Prompt: Lines from the line with "JOHN DEERE 7930 IVT DIESEL" to the line with "Institute of Agriculture" in the entries below, and only those, must be output exactly, with both ends included.

Source material:
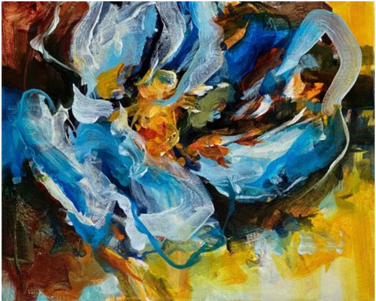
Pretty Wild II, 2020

...

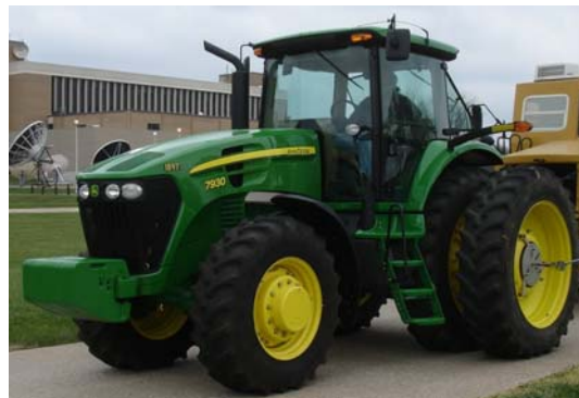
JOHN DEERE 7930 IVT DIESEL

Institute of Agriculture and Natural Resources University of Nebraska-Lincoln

Task solution:
JOHN DEERE 7930 IVT DIESEL

Institute of Agriculture and Natural Resources University of Nebraska-Lincoln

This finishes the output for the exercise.